Much later, in Webster v Mitchell 1948 (1) SA 1186 (W) at 1192-1193, Clayden J stated that;
‘the court acts on the balance of convenience. If there is greater possible prejudice to the respondent an interim interdict will be refused. … [I]f, though there is prejudice to the respondent, that prejudice is less than that of the applicant the interdict will be granted, subject, if they can be imposed, to conditions which will protect the respondent.’
The Webster case laid down the test as follows:
‘(a) a prima facie right even if it is subject to some doubt;
(b) a reasonable apprehension of irreparable and imminent harm to the right if an interim interdict is not granted;
(c) the balance of convenience must favour the granting of the interdict; and
(d) the applicant must have no other remedy’ (National Treasury and Others v Opposition to Urban Tolling Alliance and Others 2012 (6) SA 223 (CC)).

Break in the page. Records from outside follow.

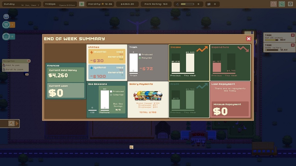 The interface itself also feels lacking in a larger sense. For example, to get a list of the Zoo’s staff, it’s unintuitively required to click on the entry gate, yet there is no obvious button that one would expect on screen to prompt it.
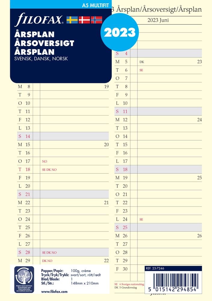 Refill Till Systemkalender A5 2023 - Årsplan
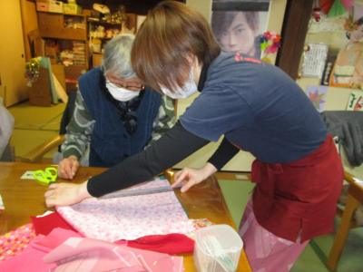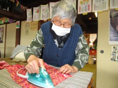 器用な手付きでちりめん生地にアイロンをかけ、裁断も手伝って下さいました。
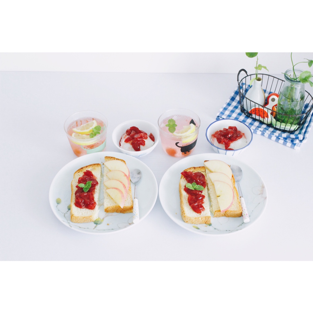 被樱桃承包了的早餐,樱桃酱山药泥,樱桃罐头糖水,樱桃酱抹面包|
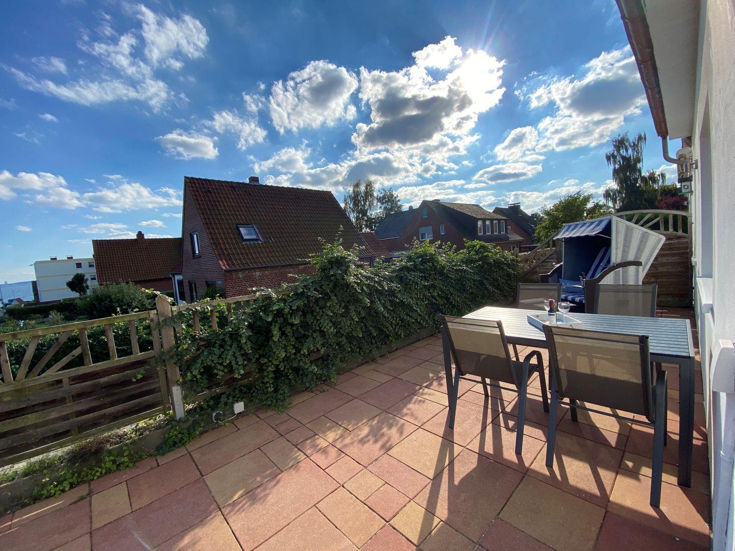 Genießen Sie auf der großen, möblierten Süd-Terrasse die meiste Zeit des Tages die Sonne. Hier steht auch ein neuer Strandkorb für Sie bereit.

After a ‘rallying number’ of cases, in L F Boshoff Investments (Pty) Ltd v Cape Town Municipality; Cape Town Municipality v L F Boshoff Investments (Pty) Ltd 1969 (2) SA 256 (C) at 267B-D, Corbett J stated as follows:
‘(a) that the right which is the subject matter of the main action and which he seeks to protect by means of interim relief is clear or, if not clear, is prima facie established, though open to some doubt;
(b) that, if the right is only prima facie established, there is a well-grounded apprehension of irreparable harm to the applicant if the interim relief is not granted and he ultimately succeeds in establishing his rights;
(c) that the balance of convenience favours the granting of interim relief; and
(d) that the applicant has no other
satisfactory relief.’
There is little doubt that the Setogelo and Maweni cases, inter alia, have received the stamp of approval in our courts and continue to play an integral role in interdicts.
A Mareva injunction is simply a species of an interdict and does not prevent a respondent from dealing with his assets freely, particularly when the applicant cannot lay any claim. It is certainly not the purpose of the injunction to prevent a defendant from acting in the manner in which he would have acted in the absence of such a claim against him.

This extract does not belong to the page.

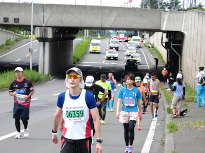 みなさん歩いてます。「この先35km地点が関門になりますが・・このままでは無理です」
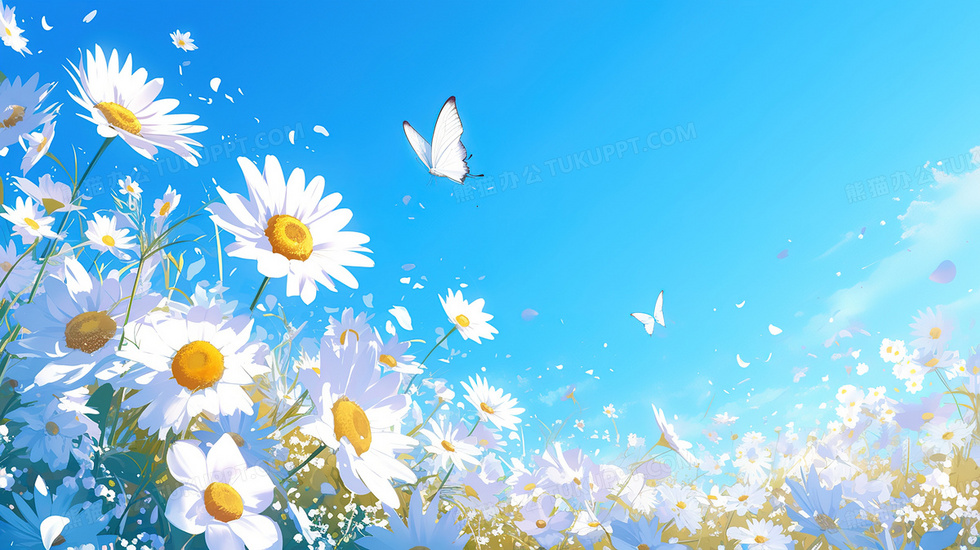 本作品内容为蓝天白云梦幻小雏菊花海唯美背景图, 格式为 jpg, 大小3 MB, 图片尺寸为2912 x 1632, 作品中背景图片无需修改, 源文件无水印,可以直接使用, 欢迎使用熊猫办公。 如认为平台内容涉嫌侵权,可通过邮件:tousu@tukuppt.com提出书面通知,我们将及时处理。

In Evoke Realty (Pty) Ltd v Augustine and Others (GJ) (unreported case no 2023-81925, 4-9-2023) (Moorcroft AJ), the first respondent was relocating to New Zealand and he was selling his house. He was not secreting assets to pay his debts and there was no intention of defeating the claims of creditors. Accordingly, the application for an anti-dissipation order was dismissed with costs.
Our courts have created a clear pathway for applications of interim interdicts. It is for the applicants to provide a clear case, which is good in law and of course, meeting certain requirements, entitling him to the relief sought.
The applicant, though, must not rest on his laurels but act speedily. In other words, to borrow from the United States Judge Levi Hubbell, the applicant must ‘fish or cut bait’ with the latter, being the delay, making him a casualty of his own recklessness, leaving him ‘fishing behind the net’.
Ganasen Narayansamy JP.ED (Springfield College of Education) SP.ED (UKZN) BCom BProc LLB Conveyancing and Notarial Practice (NDP) LLM (Unisa) is an additional magistrate in Queenstown.